Jack wants to get an MRI, as he has heard this is the “only way to know its arthritis for sure”.
He asks you whether he should see a surgeon for “another scope and clean up”. Jack really wants to keep working as a plumber, and would love to be able to keep running. He has heard there are lots of treatments that can fix him, including “stem cells”.
Osteoarthritis (OA) is a very common condition and every GP will have patients who want to know what they can do about it.
Over one in eight Australian adults are affected and it’s been flagged as one of the fastest growing causes of years lived with disability over the past 20 years. (1)
It has high direct and indirect costs to society. The less definable costs include the contribution to a sedentary lifestyle for many patients, which is an independent risk factor for mortality. (2)
In the wake of this fact, and that up to two-thirds of patients are diagnosed with OA before retirement age, (3) sport and exercise medicine finds importance as a public health specialty. The elitism of the earlier days of this specialty, with its focus on professional athletes, has given way to rewarding partnerships with more sedentary, metabolically challenged patients to restore function and quality of life.
DIAGNOSIS
Would you perform an MRI?
Patients such as Jack can be reliably diagnosed with knee OA on clinical grounds. There is a wide variety of presenting features, but usage-related joint pain in a patient aged over 45 without mechanical features or prolonged morning stiffness is OA until proven otherwise.

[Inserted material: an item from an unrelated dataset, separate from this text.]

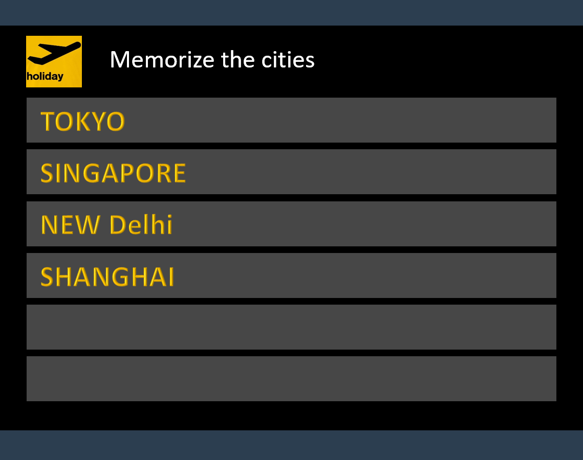 - Recall as many of the original cities as possible.
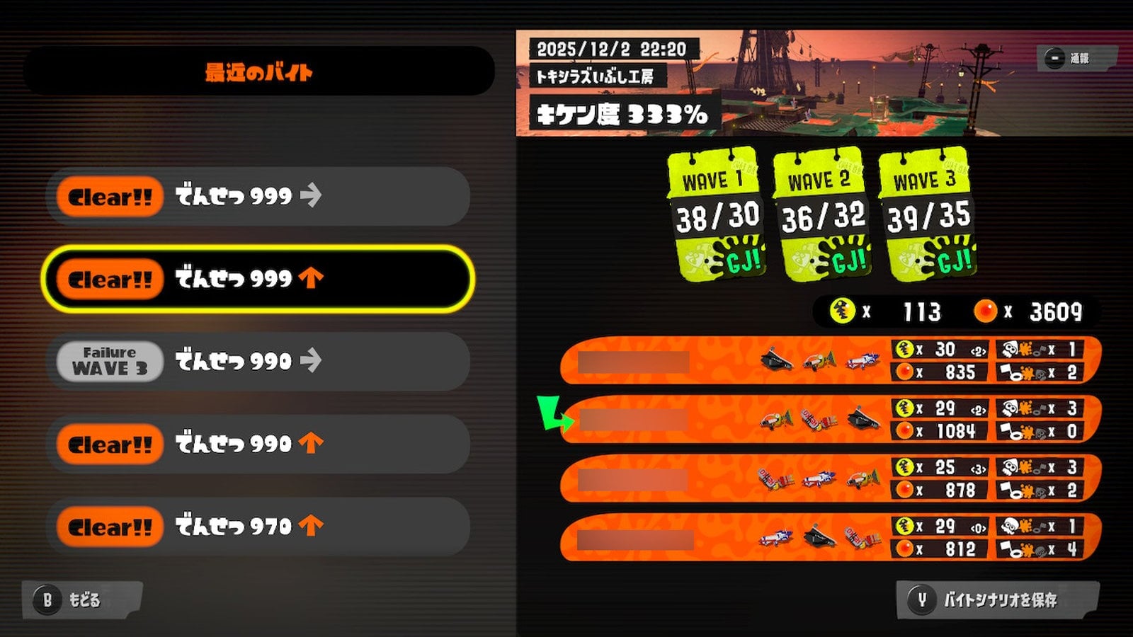 再開してからは難破船ドンブラコとトキシラズいぶし工房の2ステージでカンスト。何度か失敗はしてしまいましたが、特に沼ることはなく、比較的短い時間でカンストまで持っていくことができました。むしろ自由に立ち回れるどんぴこ闘技場や、さほど難しくないすじこジャンクション跡のほうが失敗率が高く感じます。難しいとされるステージのほうが歴戦のバイトたちとマッチングしやすいんでしょうか。まぁ真のバイトはどんな状況でも仕事をこなすもの。極めて重要な塗りへの貢献度すら表示しないクマサン商会のバイトヒストリーなど気にせず、楽しんで金イクラ集めに励みたいですね。

Considering his history, risk-factors and clinical presentation, the most likely diagnosis is osteoarthritis. He does not describe mechanical symptoms such as locking or concerning systemic features such as unexplained weight loss.
Plain weight-bearing X-rays can be performed to provide baseline information about the joint space, but are neither sensitive or specific for the diagnosis. The Rosenberg view is a PA film done in a slightly flexed position which allows visualisation of the more posterior weight-bearing portion of the joint space.
Multiplanar X-rays may be helpful in assessing whether the medial or lateral compartment is under more pressure, particularly when there is visible varus or valgus malalignment. Bow-legged (varus) patients have increased medial compartment stress, while knock-kneed (valgus) patients have increased lateral compartment stress. Further advanced imaging is usually unnecessary unless there are concerning systemic or mechanical features to raise suspicion for acute cruciate or meniscal injury, AVN or malignancy.
Clinical and functional scores are recommended to obtain a baseline measure with which to assess the effects of treatment, and determine the role and timing for escalation of treatment. Validated measures include the KOOS (Knee Oxsteoarthritis Outcome Score) and WOMAC (Western Ontario McMaster University Osteoarthritis Index) questionnaire. Functional tests, such as the “timed up and go”, or a timed 40-metre walk test, are usually undertaken with the physiotherapist or exercise physiologist.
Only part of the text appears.